With Abbie it is her anxiety and fear and the way it manifests in her alert/guard/fear barking when she hears or sees something. It's VERY hard to break and I'm afraid there is no hope. But I know she has come a long way. I remember when we first got her at 4.5 months old. She was terrified of everything. Even the sound of a door closing (in a normal manner, not being slammed) would make her urinate from fear. Everything scared her. I didn't think we'd ever be able to play off leash, but I've been bringing her across the street to the farm (about 18 acres of fenced in land) and let her off leash thinking "oh hell, let's try it, there's dogs around so she won't go very far I hope." She's been great. I've been using it as an opportunity to work on her recall and she is doing FANTASTIC. We actually just had a play session in my front yard for about 15 minutes of fetch. I'm beaming with pride and love for my gal  We did sit, lay, stay, come and she is just such a good girl. It's nice that she is SO willing to please and she adores me and wants to make me happy if she knows what I'm asking. My friend came to visit from MD for my birthday in March and met Abbie for the first time. She's very good with animal behavior (though she's more skilled with horses, but does have some dog knowledge). She said even though Abbie is "quirky" that she's ultimately a great dog. Abbie and I were having a moment of snuggles and loves and she looks at me and goes "Meg, she really truly loves you. You can just tell." Funny how something so small and simple as that has been one of the best things I've ever heard....


----------



## DaneMama

bishopthesheltie said:


> Was she a rescue? I love your dane videos.. they are so cute!
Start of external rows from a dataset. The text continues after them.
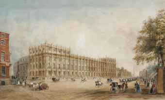 | The Treasury, Whitehall, with a procession of mounted Life Guards, and Trafalgar Square beyond | |
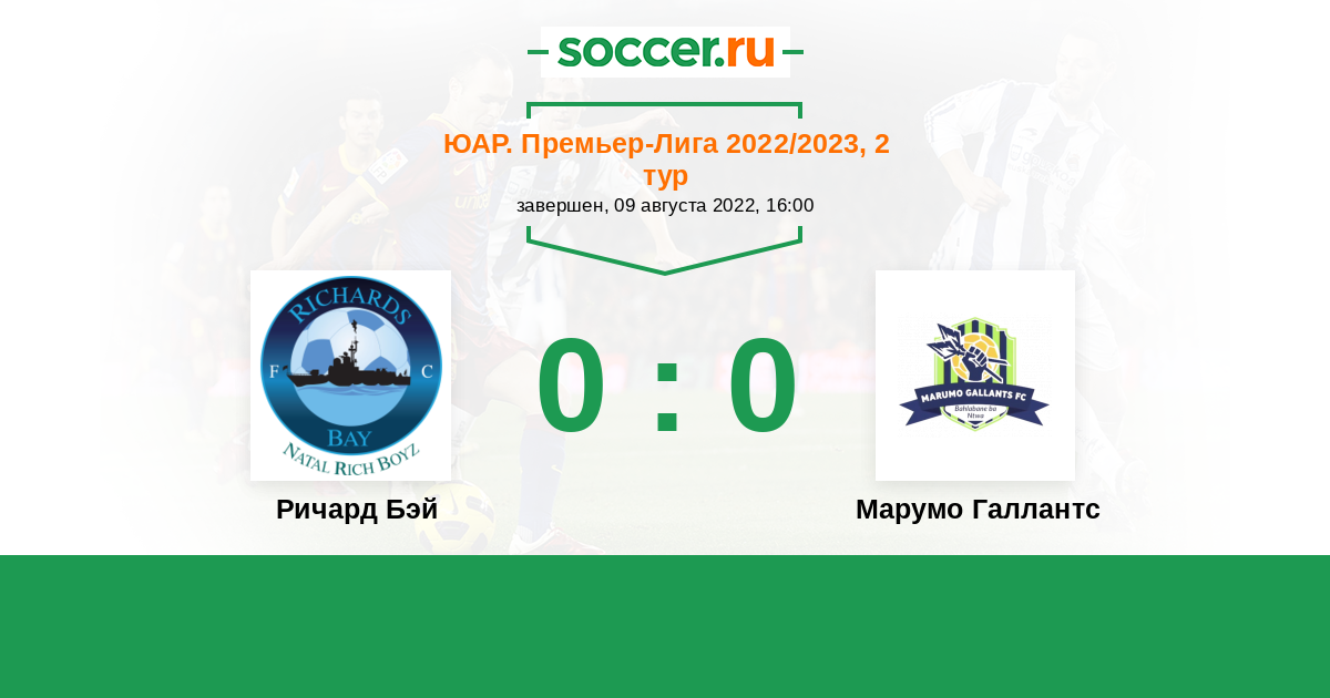 Протокол матча Ричард Бэй против Марумо Галлантс
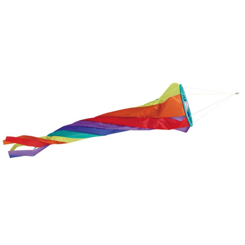 Turbine décorative au couleurs de l'arc-en-ciel. Peut s'attacher au bout d'un mât, sur une ligne de cerf-volant monofils, ou sur un point en hauteur. 14 x 60 cm
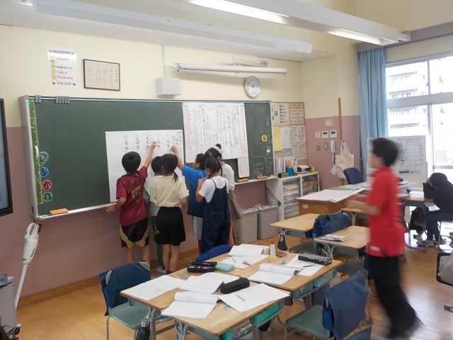 この日は学習のはじめの段階として、物語の段落ごとに、あらすじを要約する学習に取り組んでいました。ここでは自己調整型の学習に挑戦。子供たちがこの時間の学習の計画を立てて、そのあと自分立てた計画を達成するために、最適と思う学習の形態を自分で選んで学習が始まりました。一人で取り組む子もいれば、グループを組んで学習を始める子、先生の説明を聞いて取り組む子、オープンスペースで考える子など、様々です。子供たちは教科書の本文に書かれている内容や言葉に着目しながら、段落のあらすじについて話し合っていました。それぞれ話し合った内容を付箋に書いて黒板に貼り、全体で友達の考えを参考にできるよう工夫もあり、みんなで学びを深めている様子が見られました。
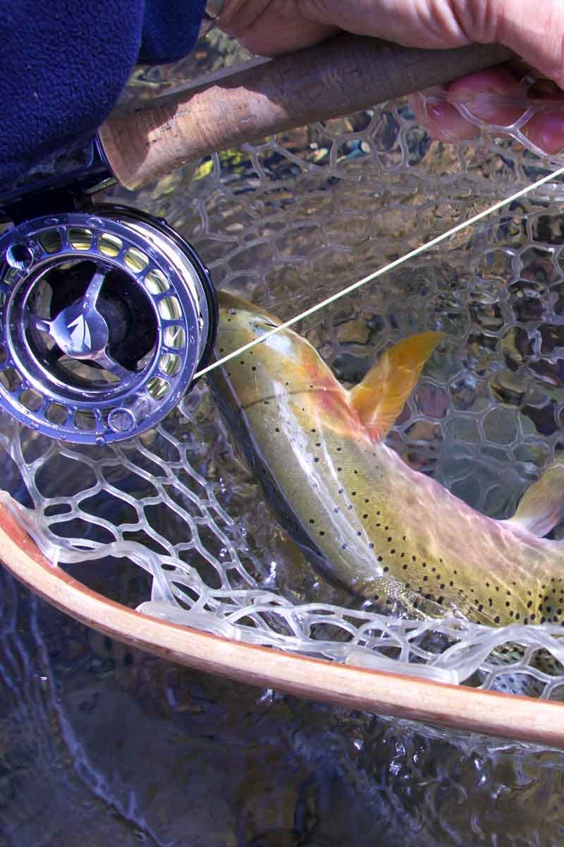 "Goodrich had caught half a dozen very fine trout," wrote Meriwether Lewis. "These trout (caught in the falls) are from sixteen to twenty-three inches in length, precisely resemble our mountain or speckled trout in form and the position of their fins, but the specks on these are of a deep black instead of the red or gold color of those common to the U. States."Â
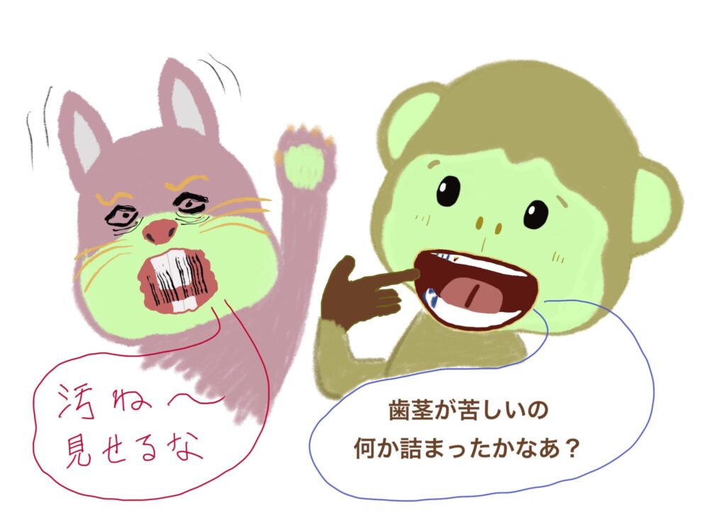 うさちゃん、サルは歯茎が苦しいの。何か詰まってしまったのかな?

Thanks! She is a "rescue" of sorts. We got her from a friend who got her from a breeder because she couldn't deal with her antics anymore. So we decided to take her in :wink:



meggels said:


> I think my biggest training obstacle with Murph is...Murph. I just....can't teach him anything besides sit lol
> 
> 
> With Abbie it is her anxiety and fear and the way it manifests in her alert/guard/fear barking when she hears or sees something. It's VERY hard to break and I'm afraid there is no hope. But I know she has come a long way. I remember when we first got her at 4.5 months old. She was terrified of everything. Even the sound of a door closing (in a normal manner, not being slammed) would make her urinate from fear. Everything scared her. I didn't think we'd ever be able to play off leash, but I've been bringing her across the street to the farm (about 18 acres of fenced in land) and let her off leash thinking "oh hell, let's try it, there's dogs around so she won't go very far I hope." She's been great. I've been using it as an opportunity to work on her recall and she is doing FANTASTIC. We actually just had a play session in my front yard for about 15 minutes of fetch. I'm beaming with pride and love for my gal  We did sit, lay, stay, come and she is just such a good girl. It's nice that she is SO willing to please and she adores me and wants to make me happy if she knows what I'm asking. My friend came to visit from MD for my birthday in March and met Abbie for the first time. She's very good with animal behavior (though she's more skilled with horses, but does have some dog knowledge). She said even though Abbie is "quirky" that she's ultimately a great dog. Abbie and I were having a moment of snuggles and loves and she looks at me and goes "Meg, she really truly loves you. You can just tell." Funny how something so small and simple as that has been one of the best things I've ever heard....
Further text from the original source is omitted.